In summary, treatment with the small molecule compound CR significantly increased the proportion of in situ proliferating cells in the liver of model mice and the liver-to-weight ratio of model mice, reduced the proportion of activated hepatic stellate cells in the liver of model mice, and improved the tissue structure and fatty degeneration of non-alcoholic fatty liver model mice.

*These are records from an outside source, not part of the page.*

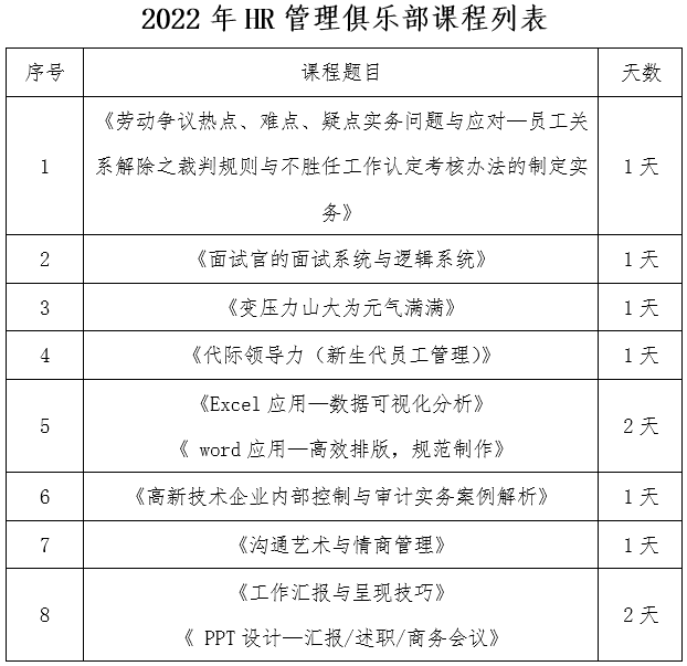 《HR管理俱乐部》课程紧密结合院属单位、高新技术企业的培训需求,选择学员关心的课题,如财税知识、劳动法、领导力等,采用讲师讲解、分组研讨、案例分析、书面测评等培训形式,让学员在轻松活跃的氛围里学习。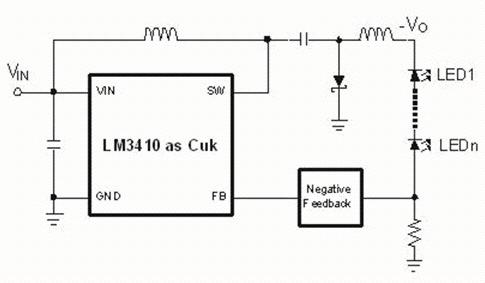 很少被用作電壓調節的Cuk轉換器作為LED驅動而嶄露頭角。輸入和輸出電流都是連續的。輸出電壓的極性就像高端buck-boost一樣被反置,但是輸出電容像buck轉換器一樣被消除。除Buck-boost和boost以外,Cuk是擁有這種能力的唯一的實用型非隔離調節器。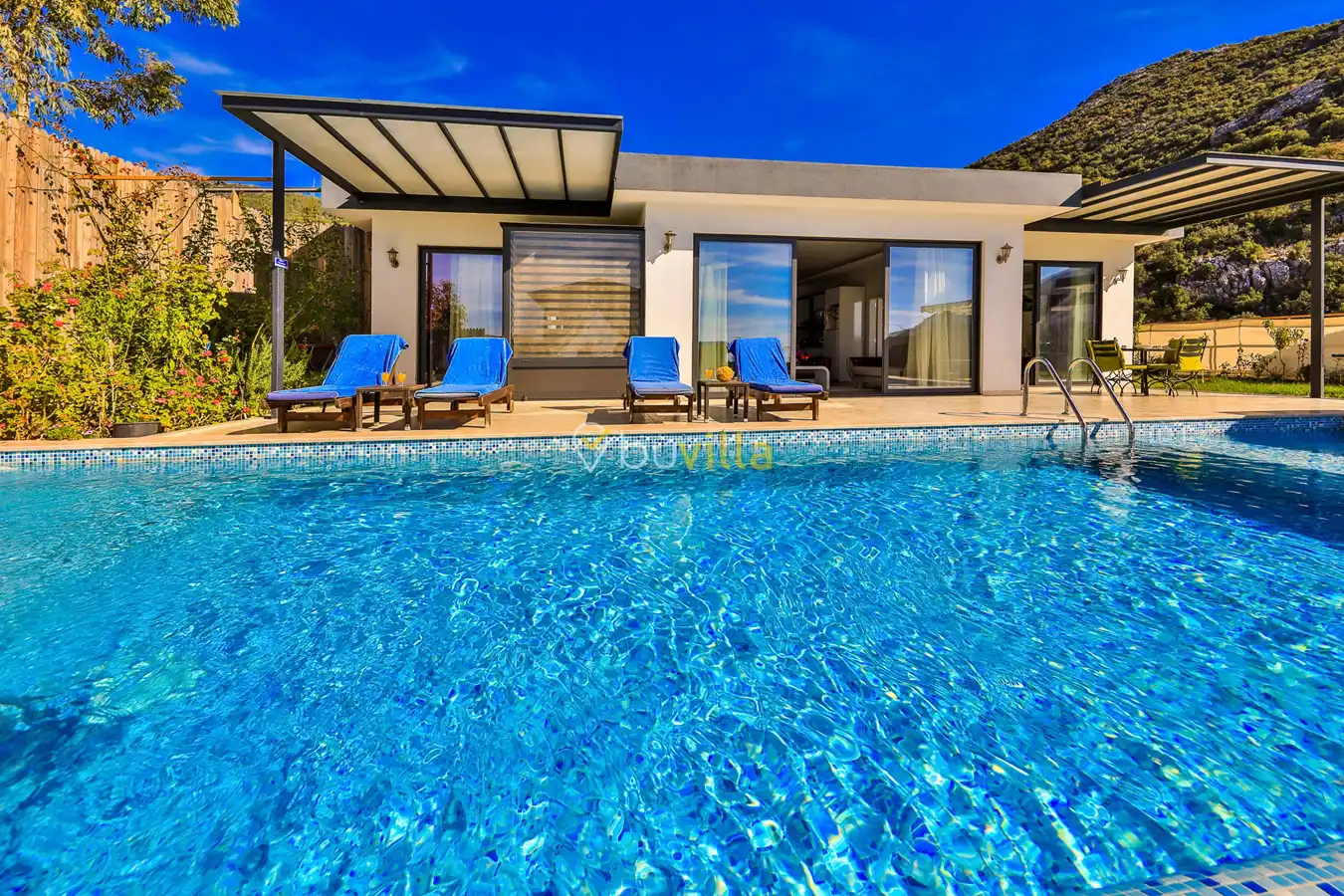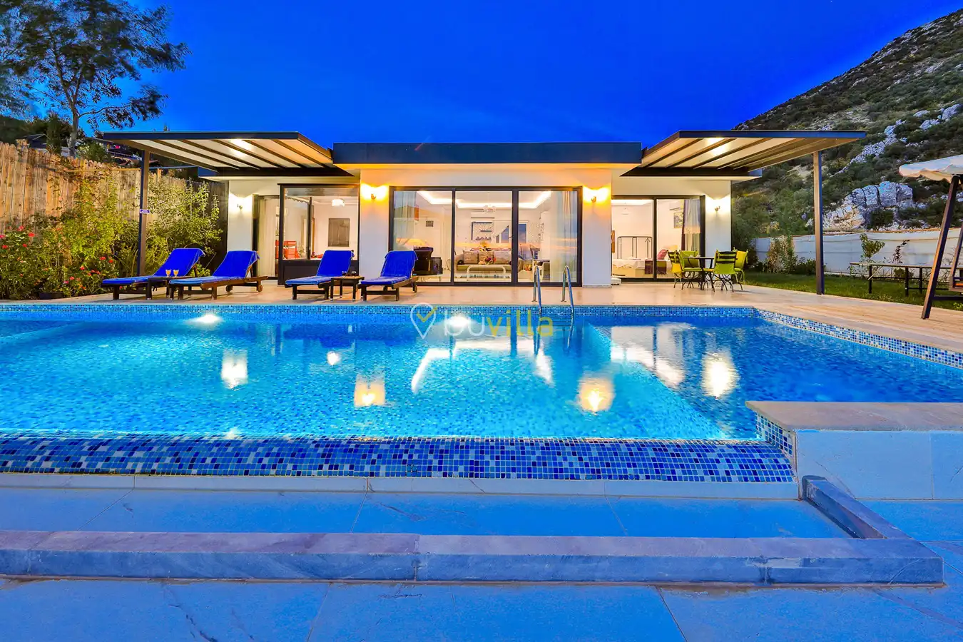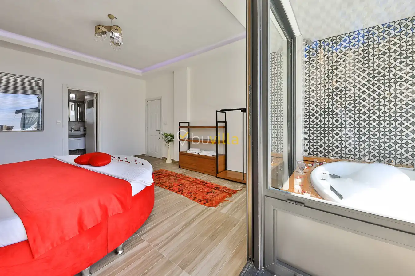 Villamızda 2 yatak odası ve 2 banyo bulunmaktadır. Birinci yatak odasında çift kişilik yatak, klima, jakuzi ve ebeveyn banyosu yer alırken; ikinci yatak odasında 2 adet tek kişilik yatak, klima ve ebeveyn banyosu bulunmaktadır. Açık plan salon bölümünde ise mutfak, konforlu oturma grubu, WC, televizyon ve klima yer almaktadır.

The above shows and describes the basic principles, main features and advantages of the present invention. Those skilled in the art should understand that the present invention is not limited to the above embodiments. The above embodiments and descriptions are only for explaining the principles of the present invention. The present invention may be subject to various changes and improvements without departing from the spirit and scope of the present invention. These changes and improvements fall within the scope of the present invention. The scope of protection of the present invention is defined by the attached claims and their equivalents.

Claims (5)

1. Use of a small molecule compound in the preparation of a drug for initiating in situ liver regeneration, characterized in that the small molecule compound is a TLR4 agonist, and the TLR4 agonist is selected from any one or more of CRX-527, CRX-601, CRX-547, and CRX-675. 2. Use of a small molecule compound in the preparation of a drug for liver regenerative disorder-related diseases, characterized in that the small molecule compound is a TLR4 agonist, and the TLR4 agonist is selected from any one or more of CRX-527, CRX-601, CRX-547, and CRX-675, Wherein, the disease related to liver regeneration disorder is non-alcoholic fatty liver disease. 3. The use according to claim 1 or 2, characterized in that: Wherein, the drug has the TLR4 agonist as an active ingredient. 4. The use according to claim 1, characterized in that: Wherein, the drug is a drug that promotes in situ cell proliferation in the liver or increases the liver weight ratio. 5. The use according to claim 2, characterized in that: The drug is a drug that reduces fatty degeneration of liver tissue, promotes in situ cell proliferation in the liver, increases liver weight ratio or reduces the proportion of activated hepatic stellate cells.